The speed with which university administrations have abandoned DEI policies and practices must be seen in this light as well. The administrative commitment to very limited sets of DEI policies was always paper thin, or about as deep as their commitment to academic freedom. It’s more a marketing ploy and opportunity for virtue signaling than any sort of real political commitment. The fact that many universities scrubbed websites and academic units, in some cases overnight, of almost any mention of DEI when the political winds shifted is hardly surprising.
This is not to say that most campus leaders like or fully embrace Trump’s gestapo-like tactics (though some seem to be getting quite comfortable with it).

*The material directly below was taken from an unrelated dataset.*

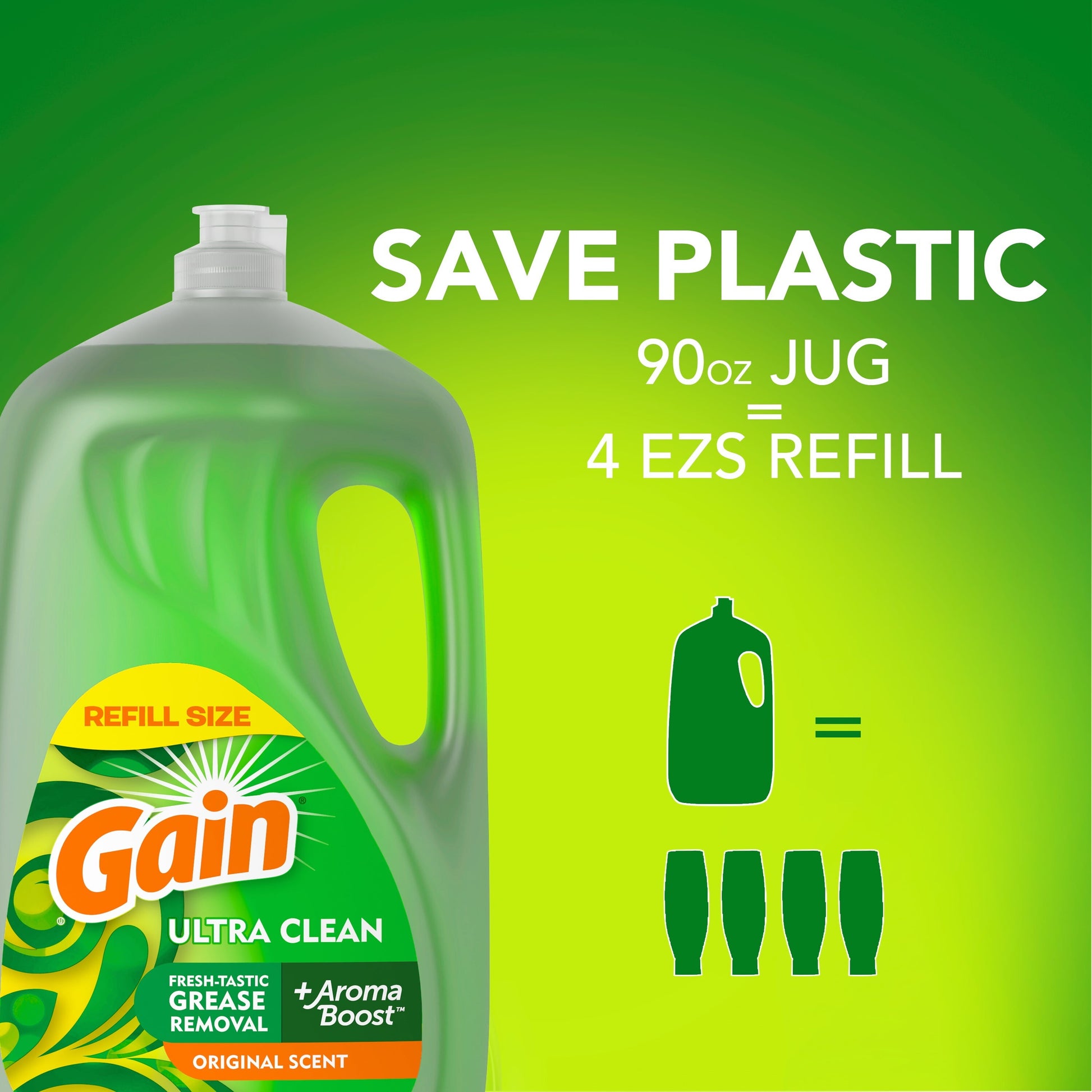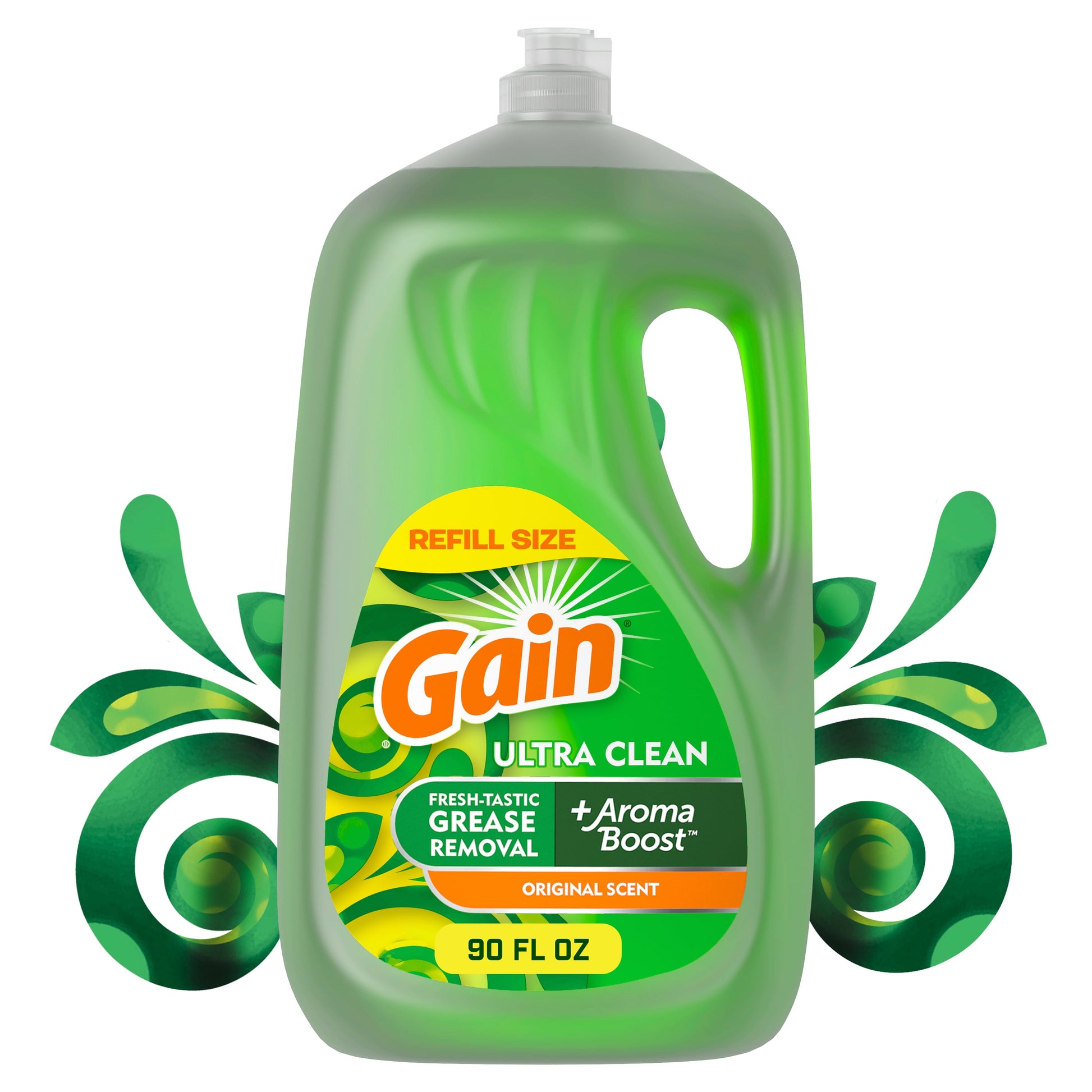 At last the irresistible scent of Gain comes to dishwashing. For a fantastic clean with a great scent experience, try Gain Ultra dishwashing liquid dish soap. 2X more grease cleaning power (cleaning ingredients per drop vs. Dawn Non Concentrated). Gain Original Scent. 90.00 fl oz.

But it is also the case—especially after the 2024 campus protests around Palestine—that most were on board with some sort of “course correction,” not unlike the position one finds on the opinion pages of the New York Times, which essentially argues that student protests went too far, faculty are too liberal, universities need to rein it in, and Trump has a point (for a good example of this “commonsense” drivel, see Greg Weiner’s piece).
To be sure, we should not downplay the distinction between Trump’s authoritarianism, which tends to see those on college campuses as dangerous radicals who need to be removed, from the liberal “course correction” that pushes reforms to “take politics out” of higher education. And yet, as soon as one starts to accept Trump’s fascist tactics for getting there, which increasingly embraces a grab-them-off-the-streets approach reminiscent of Central America paramilitaries in the 1980s, the distinction probably feels a bit like splitting hairs to those on the wrong end of it. Complicity, not capitulation.

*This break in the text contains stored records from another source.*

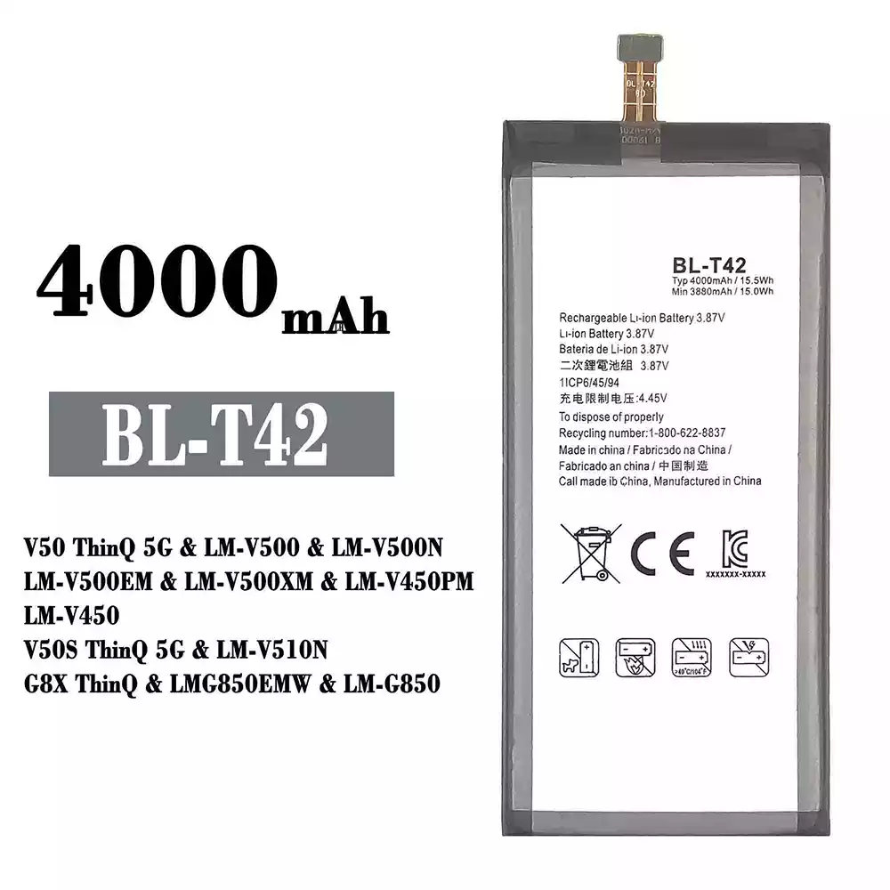 Bateria BL-T42 para LG V50 ThinQ 5G / LM-V500 / LM-V500N / LM-V500EM / LM-V500XM / LM-V450PM / LM-V450 / V50S ThinQ 5G / LM-V510N / G8X ThinQ / LMG85OEMW / LM-G850
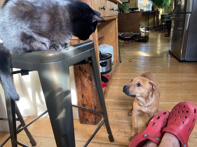Our art farm is home now to two adults, two children, two rescue dogs from the South and two rescue cats, one from Puerto Rico and the other from Oklahoma. Meanwhile, back in Acton, Grammy Rose keeps rescuing dogs, 35 having been adopted during the month of October.
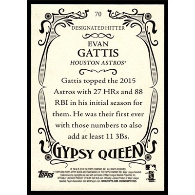 This is a 2016 Topps Gypsy Queen Framed Blue Evan Gattis baseball card. The card is #70 and pictures show condition.
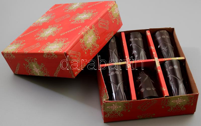Bordó kristály borospohár szett, 6 db, csiszolt mintával, jelzés nélkül, eredeti dobozában, m: 11,5 cm
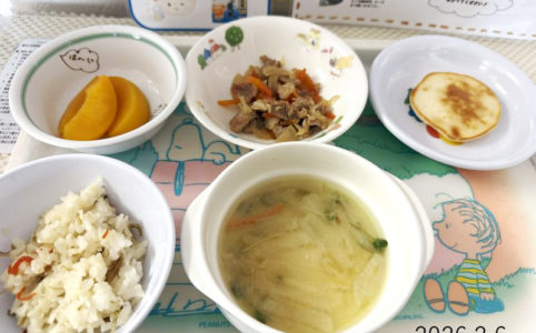 ■10時のおやつ パイン缶 ■おひるごはん 麦ごはん 魚のパン粉焼き トマト チンゲンサイのスープ ■3時のおやつ ふわふわかぼちゃケーキ

The silver lining, if there is one, is that although highly paid administrators officially speak for universities, and have considerable power over university policies, they are not “universities” any more than are the boards of trustees that control them. Katrina Armstrong, or whoever replaces her, is not Columbia University. The students, faculty, and staff who make up the institution, as well as the communities they serve, are “the university.”

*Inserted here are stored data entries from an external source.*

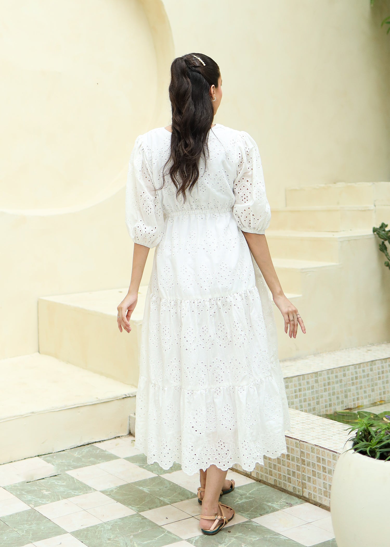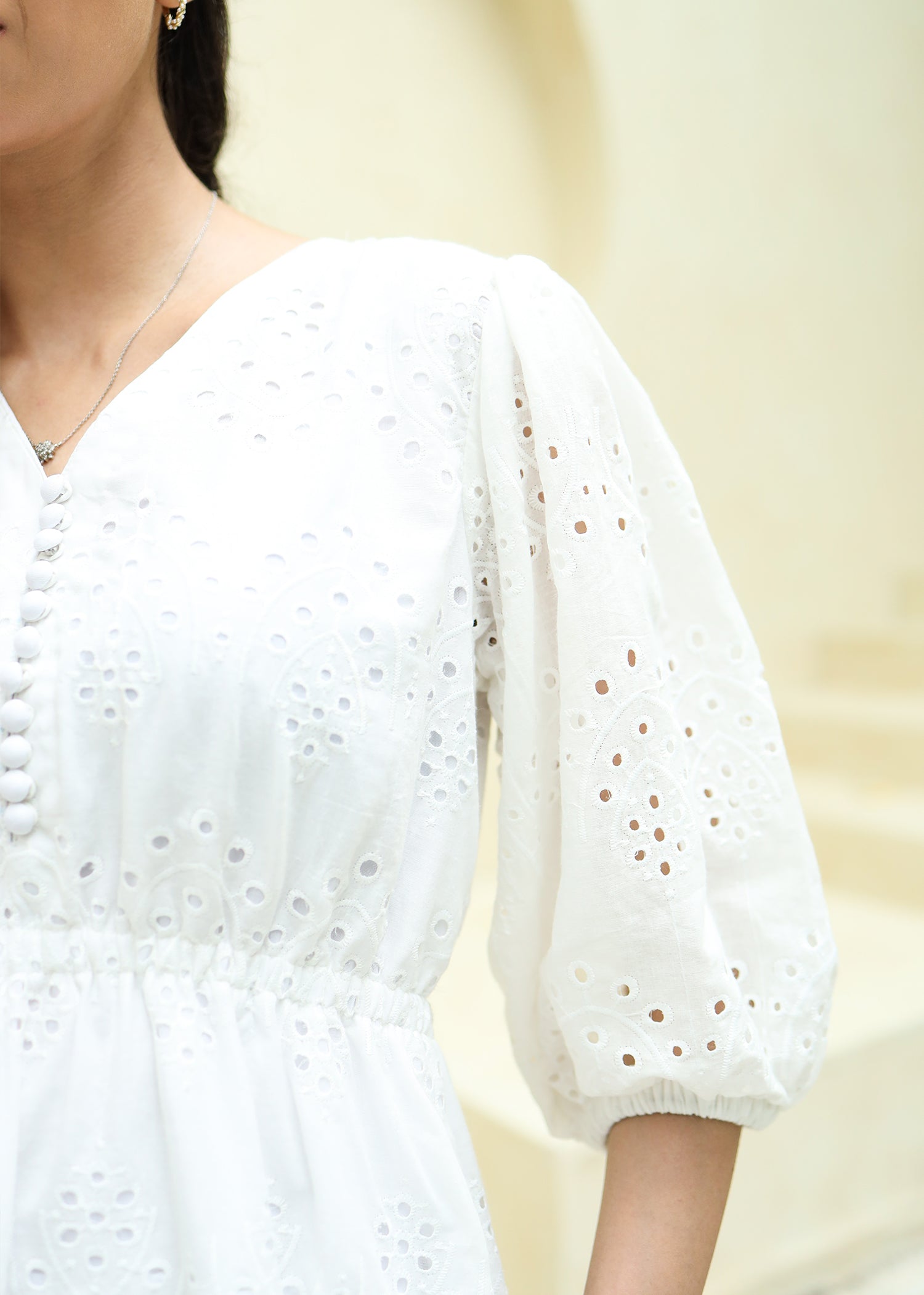 Fabric of the dress is eyelet (chikankari) with attached lining.
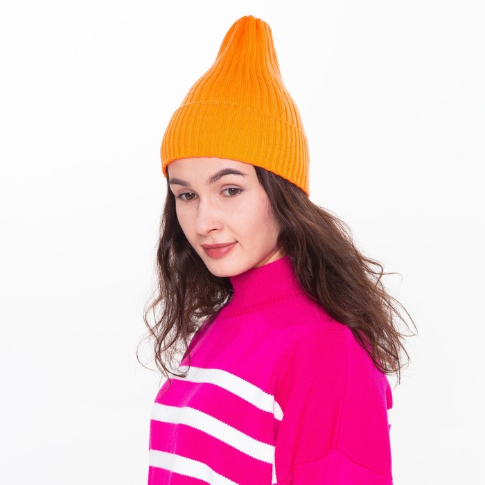 Шапка женская зимняя, цвет оранжевый, размер 52-56
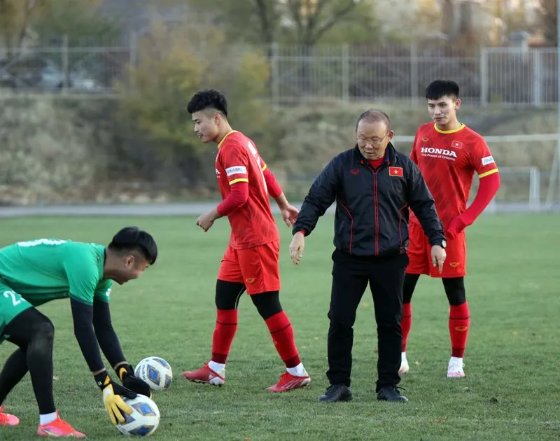 HLV Park Hang-seo trao đổi cùng đại diện cầu thủ hai đội áo đỏ và áo tím để phổ biến một số vấn đề trước trận đấu. Một trong những yêu cầu được đặt ra là tránh tối đa những tranh chấp quyết liệt để tránh chấn thương.
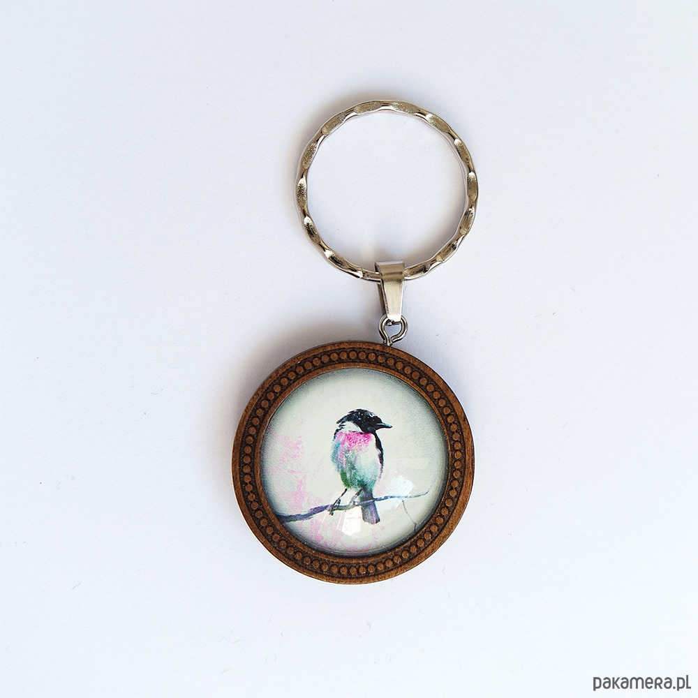 Unikatowy brelok w drewnianej oprawie z naszą autorską grafiką.
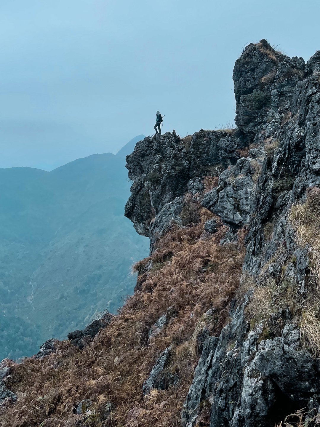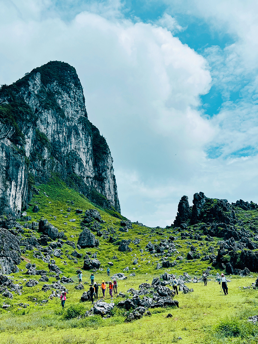 ①今天的徒步路程约10公里,海拔爬升为800米(下降约500米),以喀斯特地形地貌为主,需要走一段乡道和爬坡以及穿越蕨类灌木丛、山脊石林等。
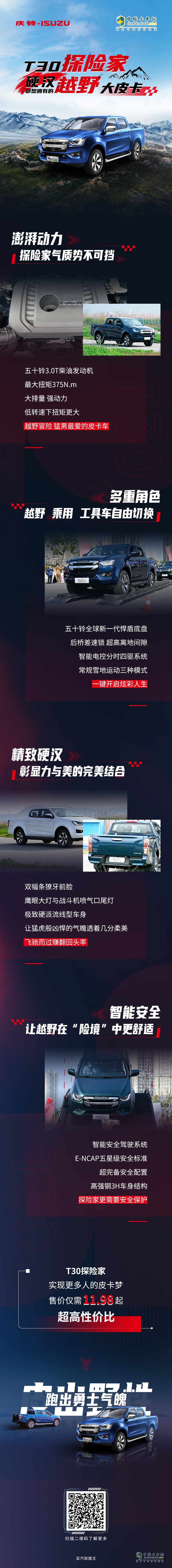 多場(chǎng)景 全覆蓋 硬實(shí)力,慶鈴五十鈴T30探險(xiǎn)家即將上市!

Put another way, to suggest that there is no reason to expect university administrators to be natural defenders of free speech and political dissent, and that history tells us that many of them will in fact be complicit with Trump’s brand of fascism, is not to say that we should not try to hold them accountable or that the fight is over and universities have been politically neutered. It is to say that we—“the university”—have to continue the fight that so many of us are already engaged in. Trump is coming for us because so much of the best that university faculty, staff, and students represent—science, education, reason, knowledge, and informed political engagement—poses a real threat to his project. Campus leaders may opt for complicity. Let’s make sure we are neither complicit nor capitulate.